By Steven Struhl, ConvergeAnalytic.

You can now efficiently determine the appeal of many thousands of alternative Web site configurations, thanks to the new life machine learning methods have breathed into a mostly dormant analytical approach. Before we get into how this works, let’s look at what we can do. For instance, here is a slightly disguised Web page. There many elements that could be varied, and in the simplified example in Figure 1, there are five.

Figure 1: Elements to be varied and evaluated in a Web page

Two of these elements are varied in five ways and the remaining three in four ways. This gives us a total of 5 x 5 x 4 x 4 x 4 possible combinations, or 1,600 possible configurations.

Clearly, we cannot test all these.  But using the approach we will discuss, we could determine the value of all possible combinations, using just 20 precisely designed variants. We will show a summary of results later. This method clearly surpasses traditional A/B testing, where perhaps 4 variations would be the maximum.

How this works

This approach rests on using experimental designs. These designs allow us to vary many factors simultaneously and then untangle the effects of each change accurately. The august (but much faded) underlying method is full-profile conjoint analysis. This approach was hailed as a tremendous advance in the 1970s, because it could accurately measure the impact of changing products’ features and prices. It had far better predictive accuracy than other approaches, such as scaled ratings, and led to many successful product and pricing changes.[1]

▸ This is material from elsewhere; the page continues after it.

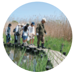
彩湖自然学習センター

自然を満喫できる博物館です。バードウォッチングや昆虫採集、植物の観察など、講座やイベントも随時行っています。

However, conjoint later was largely abandoned, in part because it could measure relatively few features or changes in features. That is, the size of experimental design must expand as we measure more variations in those features. Conjoint also required each person to do a complete experiment. That is, each study participant would see as many varied product offerings (or product profiles) as the experiment required, and would evaluate each.

For instance, eight features or attributes, each varied in three ways, would require 18 runs in the experiment—or 18 product profiles. This would allow us to measure 3 7 or 2187 possible variations. Most people will not sit still for evaluating many more product profiles than this.  But often this was not enough for complex products or services.

Also, another modeling method, discrete choice modeling, supplanted conjoint. Discrete choice modeling allowed the evaluationof products and services in the context of competitive offerings. This is far more realistic than evaluating single product profiles in the absence of competitors, and so conjoint analysis was largely shelved.

Conjoint analysis never gained much traction with improving communications or service offerings,perhaps becauseit was so strongly associated with optimizing products. Yet it made sense to use it for these purposes.  The goal in working with messages, for instance, could simply be finding the best combination of elements so that a message best appeals to intended audience.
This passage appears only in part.